------ Data records

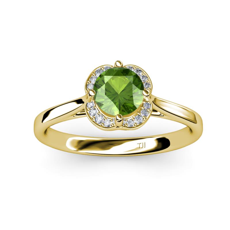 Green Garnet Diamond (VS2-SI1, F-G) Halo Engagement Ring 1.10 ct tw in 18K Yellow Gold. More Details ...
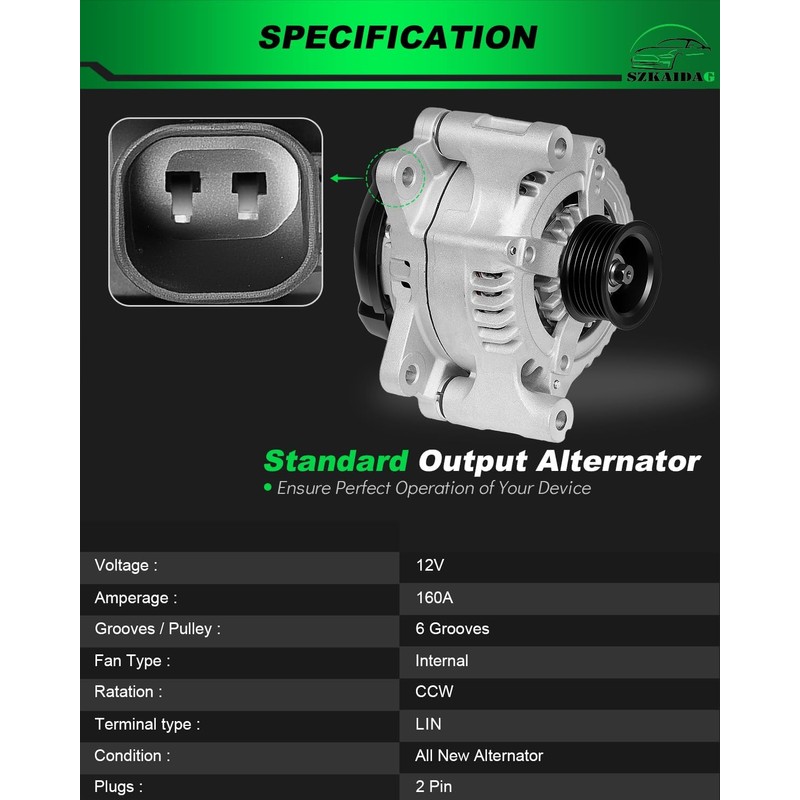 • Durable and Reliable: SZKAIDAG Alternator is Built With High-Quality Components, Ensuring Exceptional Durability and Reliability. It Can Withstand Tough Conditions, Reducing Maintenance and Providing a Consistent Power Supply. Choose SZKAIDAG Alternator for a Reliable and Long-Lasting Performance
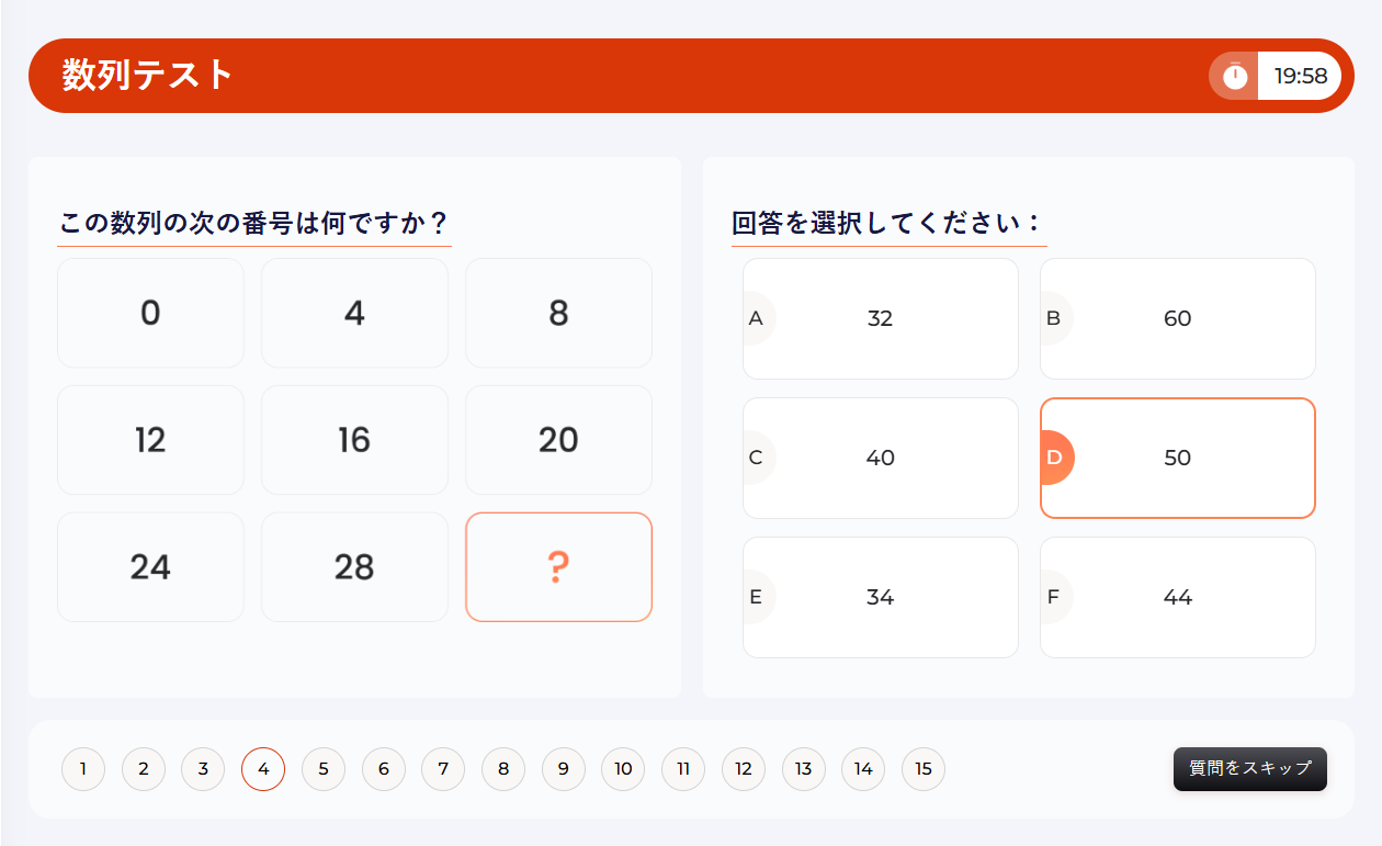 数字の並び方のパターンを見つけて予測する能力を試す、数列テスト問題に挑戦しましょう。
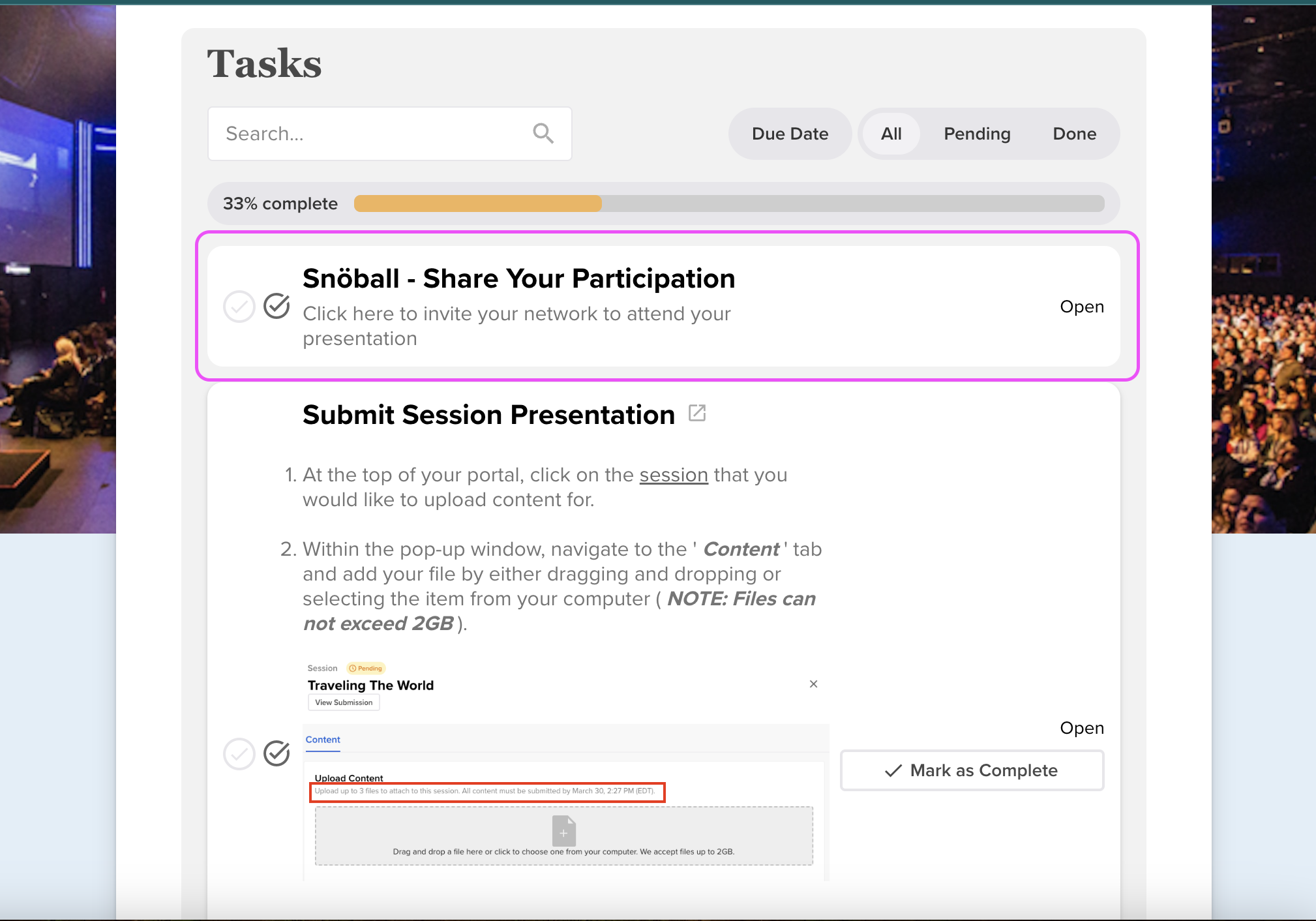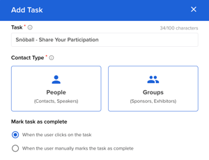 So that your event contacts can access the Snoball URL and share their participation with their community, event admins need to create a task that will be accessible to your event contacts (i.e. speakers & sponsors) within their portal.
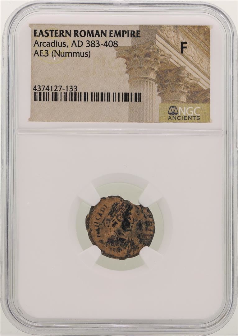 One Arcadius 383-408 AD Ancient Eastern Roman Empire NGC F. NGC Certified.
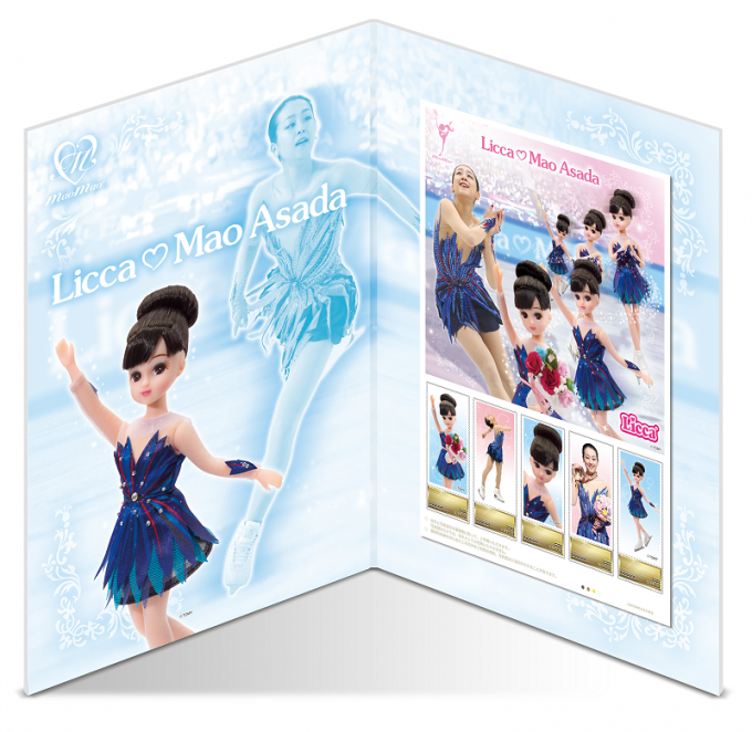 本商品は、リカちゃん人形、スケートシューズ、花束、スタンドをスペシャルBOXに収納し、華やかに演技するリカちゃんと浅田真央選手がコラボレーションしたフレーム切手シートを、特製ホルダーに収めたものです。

------------

What is expected: Please give the data again in full, exactly as written, but without any images.

Result of the task:
 Green Garnet Diamond (VS2-SI1, F-G) Halo Engagement Ring 1.10 ct tw in 18K Yellow Gold. More Details ...
 • Durable and Reliable: SZKAIDAG Alternator is Built With High-Quality Components, Ensuring Exceptional Durability and Reliability. It Can Withstand Tough Conditions, Reducing Maintenance and Providing a Consistent Power Supply. Choose SZKAIDAG Alternator for a Reliable and Long-Lasting Performance
 数字の並び方のパターンを見つけて予測する能力を試す、数列テスト問題に挑戦しましょう。
 So that your event contacts can access the Snoball URL and share their participation with their community, event admins need to create a task that will be accessible to your event contacts (i.e. speakers & sponsors) within their portal.
 One Arcadius 383-408 AD Ancient Eastern Roman Empire NGC F. NGC Certified.
 本商品は、リカちゃん人形、スケートシューズ、花束、スタンドをスペシャルBOXに収納し、華やかに演技するリカちゃんと浅田真央選手がコラボレーションしたフレーム切手シートを、特製ホルダーに収めたものです。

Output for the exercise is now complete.